As announcements wrap up, Caroline suddenly remembers one more thing.

“I have a carnival coming up! A dark carnival!” she beams.

 

Caroline Murphy: game designer, community organizer, magician.

 

Caroline’s not kidding, she really does have a carnival coming up: the Carnevale di Oscurità, an immersive theater production put on by her company Incantrix Productions runs March 7th at the Oberon in Harvard Square. The show reflects Caroline’s range of interests and skills, mixing live music, burlesque, stage magic, and, of course, puzzling into a Tarot themed “night of intrigue, mystery, and exploration that invites audiences to revel in the darkness.” But what most interests her about making games is the experience of physically putting people in a room together. “The kinds of games I design that I’m the most proud of are the games that really call people’s own understanding of themselves into question. You have to take a hard look at yourself,” she nods, “I think the medium I’m using is the best possible medium for that. Having that live, in-person, looking people in the eye experience is powerful, in a way that I haven’t found in any other gaming medium. And I’ve designed for ’em all.”

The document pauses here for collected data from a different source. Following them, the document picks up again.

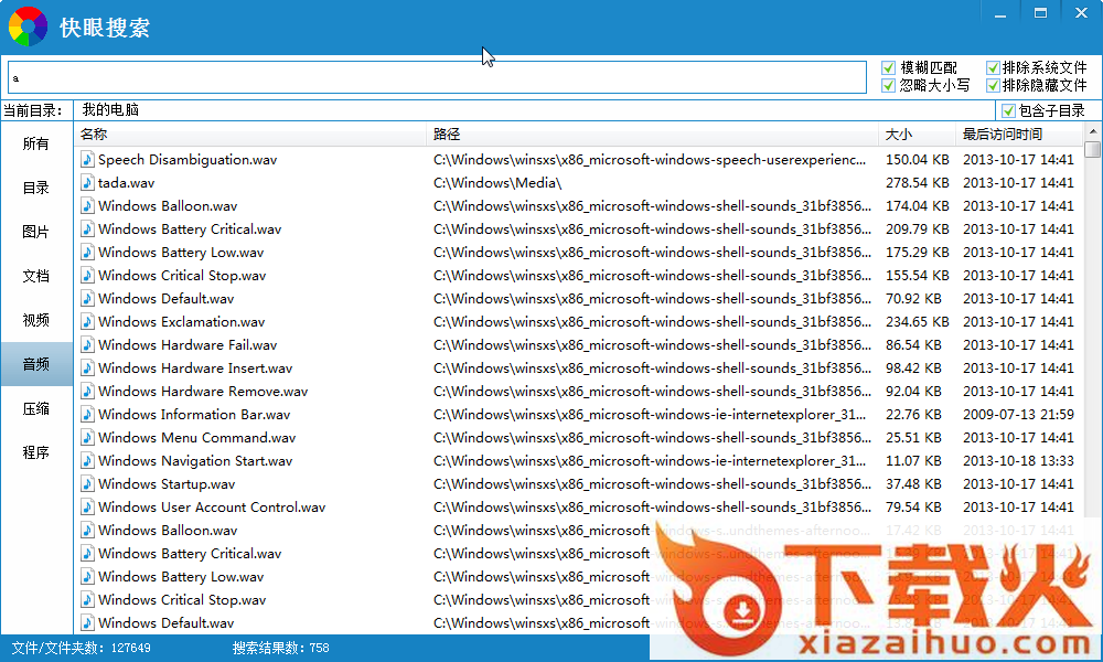 快眼文件搜索是一款可以支持通配符模糊查询、多种过滤方式、多种排序方式,为您带来急速的搜索体验的快速文件搜索软件。快眼文件搜索操作简单快捷且占用资源少。并且还可以快速搜索电脑中的图片、文档、视频、音频、压缩文件、程序等。如此方便的软件,赶快下载体验吧!!!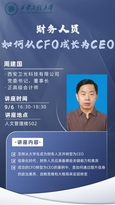 周建国以“财务人员如何从CFO成长为CEO”为主题,分享了个人职业生涯的精彩历程,并分析会计未来发展趋势,给同学们提供了宝贵的职业发展指南。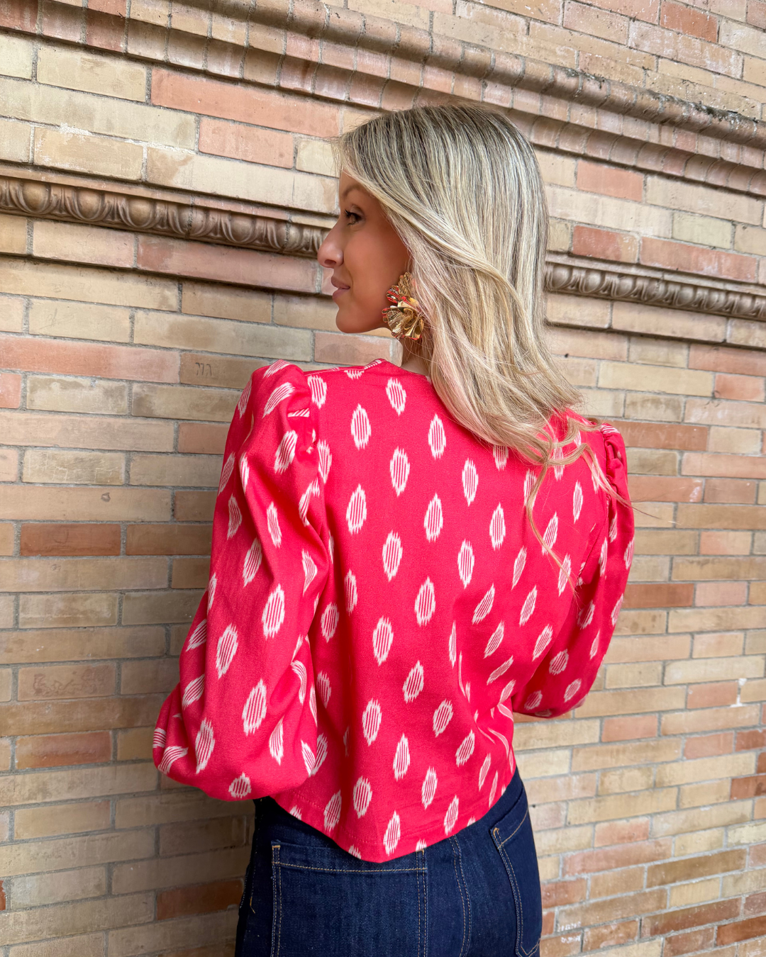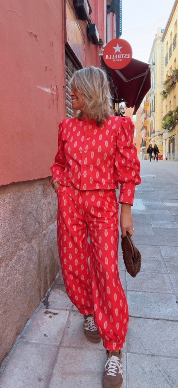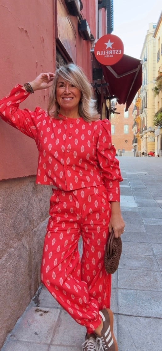 Diseño exclusivo en color rojo coral y estampado en patrón blanco. 3 tallas disponibles.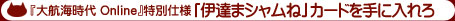 ※『大航海時代 Online』風「伊達まシャムね」特製カードは、1つのGAMECITY市民IDにつき1枚のみ獲得できます。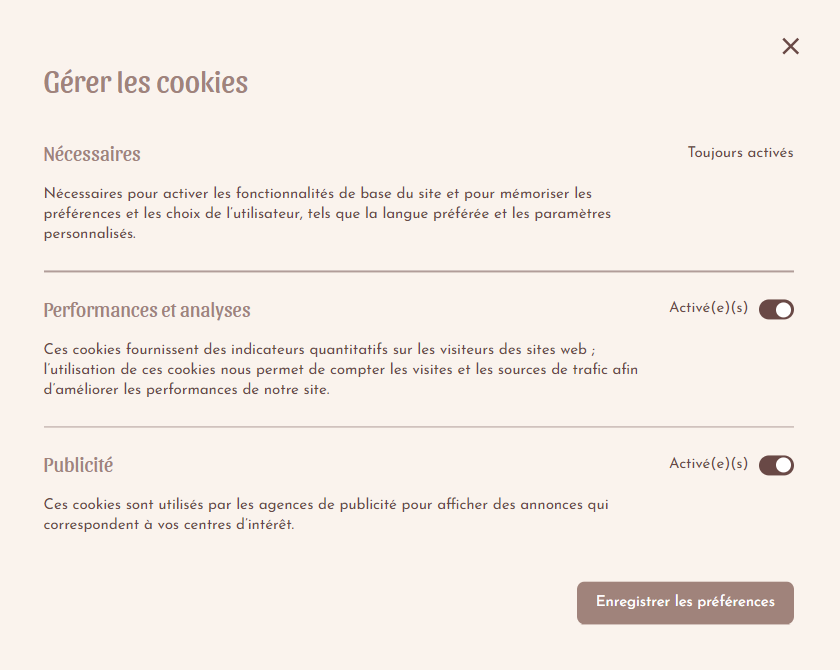 Le cas échéant, des "cookies" émanant de l'éditeur du site et/ou des sociétés tiers pourront être déposés sur le terminal, avec accord. Dans ce cas, lors de la première navigation sur ce site, une bannière explicative sur l'utilisation des "cookies" apparaîtra. Le consentement donné sera valable pour une période de treize mois. Le Client / Utilisateur a la possibilité de désactiver les "cookies" à tout moment grâce à la barre “Cookies” en bas de l’écran.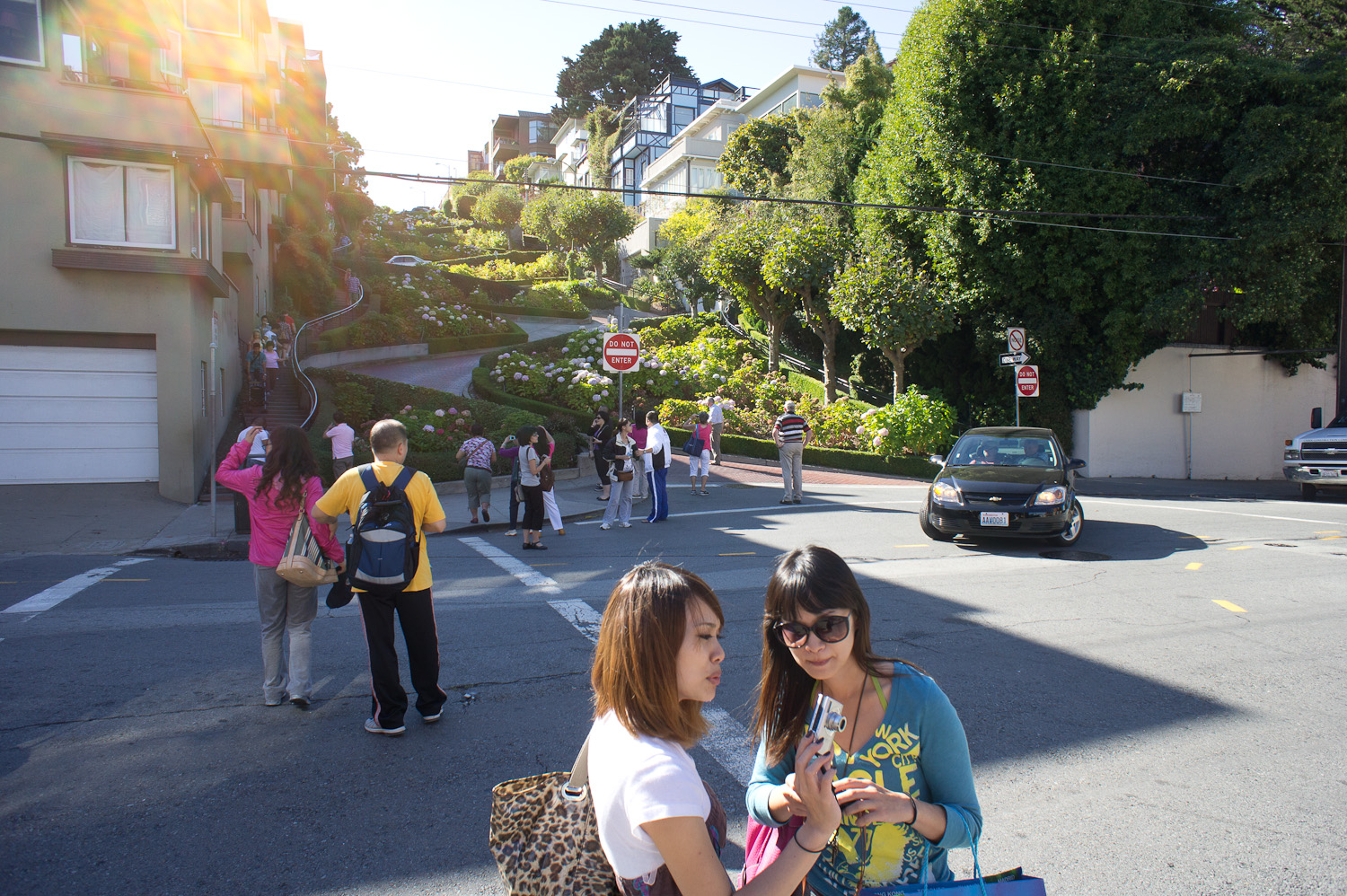 The last one shows the famous Lombard Street. The street was so steep ( 27% ) that in 1923 they decided to make it an one way serpentine road because it was too much for most cars. Now that I googled for this data I found out that there is an even steeper street just two blocks away. Too bad I haven’t known that when I was there. So here is a travel tipp: If you go to see the Lombard street take a look at the Filbert Street as well. It’s 31% and acts as a kind of jumping hill in movies like “Bullitt”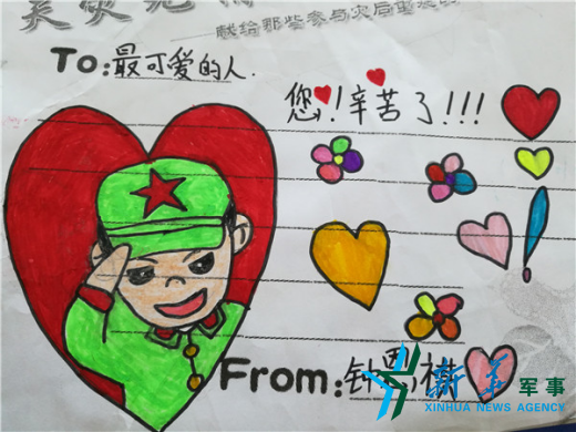 ????“官兵們很辛苦,早上6點(diǎn)就出門,直到深夜才回來(lái)休息。前天晚上,累了一天的官兵打著手電筒,幫助我們學(xué)校清理走廊的垃圾,扶正校園里被臺(tái)風(fēng)吹倒的樹(shù)木,讓學(xué)校師生非常感動(dòng)?!蔽寰壍诙?shí)驗(yàn)學(xué)校德育處負(fù)責(zé)人黃森說(shuō),小朋友們想用自己的方式表達(dá)對(duì)官兵的感謝,就自己動(dòng)手制作了感恩卡。

Caroline also runs a less dark carnival in the fall: the Boston Festival of Indie Games, a huge annual showcase of video and board games that’s now in its 8th year. The fest is what she’s most known for in the game development scene here, though she doesn’t want it to overshadow her work making games. “At Indies people are like, ‘Oh, Caroline, she’s a community organizer.’ Nah dude, I’m actually a fucking really good game designer.” Design talents aside, you can’t deny BFIG’s success: the show has now outgrown its previous venue, and is moving to the Harvard athletic center in 2019. The organization has also started running a developer-focused conference (FIG Talks) and Caroline’s currently developing a program to teach game development skills in underserved communities. “I want everyone to be able to tell their stories, and I don’t think that happens unintentionally.”

 

A sonic landscape in ‘One Hand Clapping’

 

Announcements over, I return to checking out games. It takes almost an hour to notice the singing. It’s not immediately obvious over the chatter, but it’s present throughout the evening, starting deep, ascending an octave, and falling. I make the connection when I glance down and spot a light on a laptop screen, rising with the singers pitch, drawing a wave form across the monitor. A purple blob with wet eyes hops up onto the wave drawn by the singer, walks up the now-solid waveform, and progresses by running off the screen to the right, “Sing, hum, or whistle to affect the world” is the tagline for the extremely cool One Hand Clapping, a game about using your voice to solve puzzles and traverse obstacles. The member of its University of Southern California based team who’s showing the game tonight just moved here, and this is his first time attending. “I moved for love,” he says when I ask him what brings him to Boston.

As the night rolls on, I take some time to play a computer generated slot machine and an augmented reality version of poker, where I toss digital cards at a table projected into a camera feed of the room. I catch up with old friends, offer career advice to a newcomer looking for her path into making games, and ramble about the virtues of virtual fishing in World of Warcraft to anyone who’ll listen. It is, aside from the abnormally lavish pizza (Bertuccis; a gift from Firehose Games. Eitan claims it’s a coincidence, unrelated to the anniversary) a pretty typical evening of playing weird games with the crew of game creators who call Boston home. Interested in making games? Come hang out. We exist.

Boston Indies meets on the third Monday of every month at MIT.